Publisher:  Booksurge ISBN-10:  1439203458 Type: 
Pages: 

521

Copyright:  2008 ISBN-13:  9781439203453
Fiction


The story of the native rights movement in Arctic Canada when southern consumers were pressing for more oil and gas.

 The story starts with a young journalist working with a Toronto weekly. He is learning his craft but he thinks that there must be more to journalism than covering parent teacher associations and council meetings. Warren leaves the weekly and starts working for the august Globe and Mail. Warren is already having trouble taking care of himself and develops a drink problem. He finds his work at the Globe unrewarding. He joins CBC Northern Service and is sent to Yellowknife to become the north's first locally based trained reporter.
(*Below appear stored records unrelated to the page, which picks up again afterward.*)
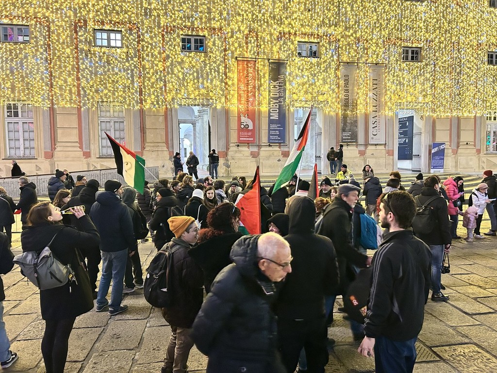 Accanto alla festa e all’entusiasmo, il passaggio della Fiamma Olimpica a Genova è stato accompagnato anche da un momento di contestazione. Nel pomeriggio, in piazza De Ferrari, alcune decine di persone si sono ritrovate con bandiere palestinesi, striscioni e slogan, dando seguito a un appello lanciato nei giorni precedenti sui social network.
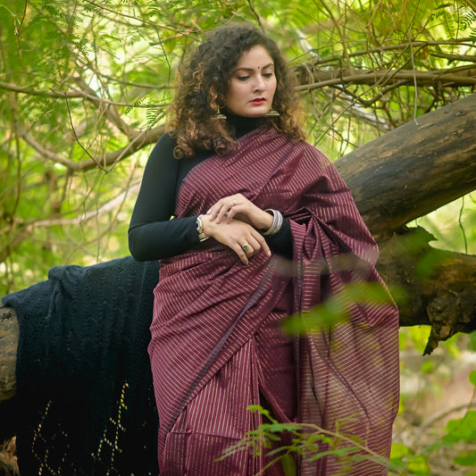 Maroon Cotton Silk Handwoven Maheshwari Saree
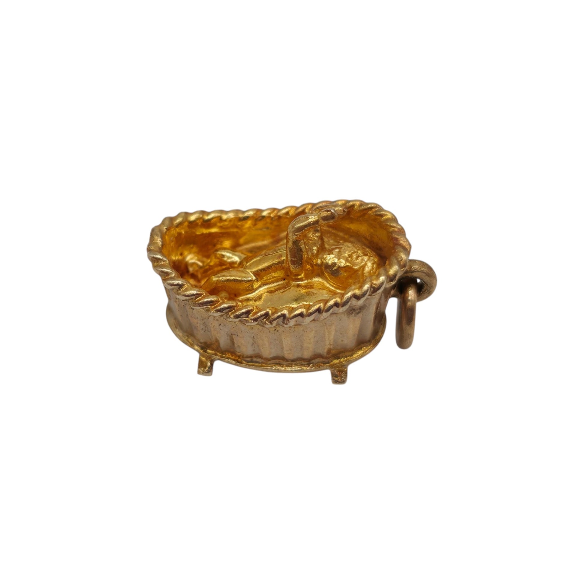 9ct 375 Yellow Gold Moses Basket Charm 1965 L 1.5 cm 4.0 g.
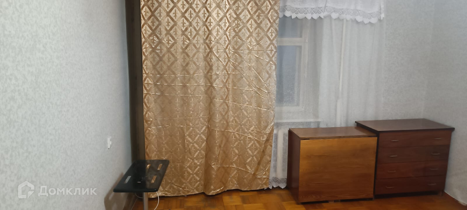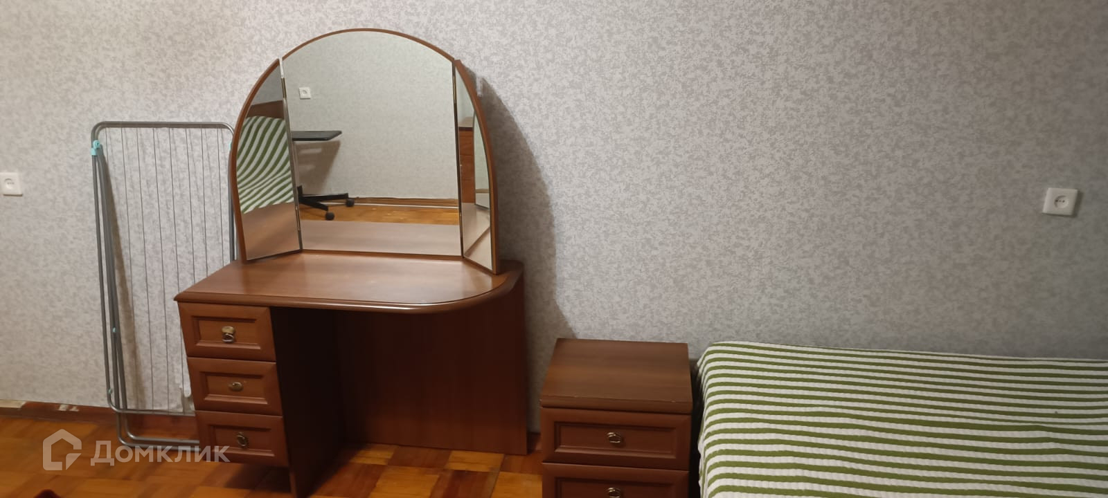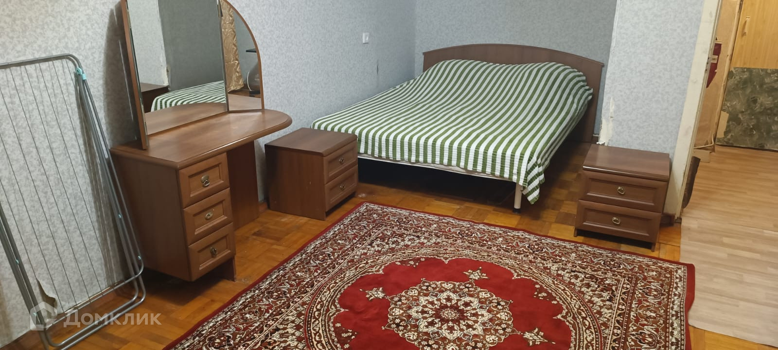 Квартира частично мебелирована, есть кровать, комод, стол с зеркалом, очень большой застеклённый балкон, хорошее расположение квартиры, рядом магазины, аптеки, остановки общественного транспорта.
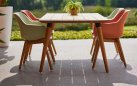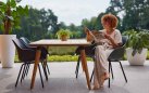 Stół SOPHIE 170 marki Hartman to elegancki model jadalniany wykonany z litego drewna teakowego. Charakterystycznym detalem są aluminiowe obręcze przy górnej części nóg, dostępne w trzech wariantach kolorystycznych: antracyt, biały oraz szary. Naturalny teak jest odporny na warunki atmosferyczne i z czasem szlachetnie patynuje, zachowując trwałość i urok przez wiele sezonów. Stół doskonale komponuje się z kolekcjami krzeseł SOPHIE, tworząc spójną i nowoczesną przestrzeń jadalnianą w ogrodzie lub na tarasie.
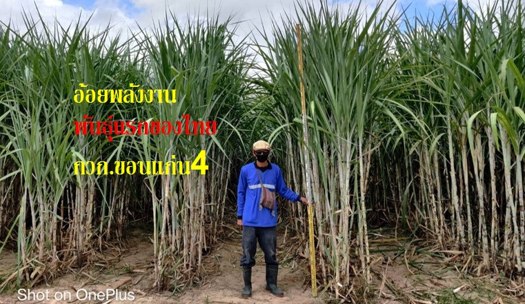 จาการวิจัยและปรับปรุงพันธุ์อ้ อยตั้งแต่ปี 2540 -2565 ทำให้ได้อ้อยพันธุ์ใหม่ใช้ชื่ อพันธุ์ว่า ”กวก. ขอนแก่น 4” เป็นลูกผสมข้ามชนิดระหว่างอ้ อยและอ้อยป่า (Saccharum spotaneum) เกิดจากการผสมพันธุ์ระหว่างอ้ อยพันธุ์แม่ 94-2-128 ที่มีผลผลิตและความหวานสูง และอ้อยพันธุ์พ่อ 03-4-331 ที่มีผลผลิตสูง และปรับตัวกับสภาพแวดล้อมได้กว้ าง ประเมินผลผลิตในการเปรียบเที ยบเบื้องต้น เปรียบเทียบมาตรฐาน การเปรียบเทียบในไร่เกษตรกร และการทดสอบในไร่เกษตรกร ในปี 2553-2564 ทดสอบและศึกษาศักยภาพการผลิ ตพลังงานชีวภาพในปี 2555-2557 ลักษณะทางพฤษศาสตร์ ทรงกอค่อนข้างตั้งตรง ปล้องเรียงตัวค่อนข้างตรง ปล้องทรงกระบอก ใบกว้างปานกลางและไม่มีขนที่ กาบใบ

Warren arrives just at the native rights movement is getting organised, spurred on by the application to build a gas pipeline over treaty and native land along the Mackenzie River Valley. Warren becomes deeply involved in the clash cultures between the northern natives with their rich traditions of a hunting and trapping society and the energy starved south with its "shopping mall mentality" and belief in its own importance.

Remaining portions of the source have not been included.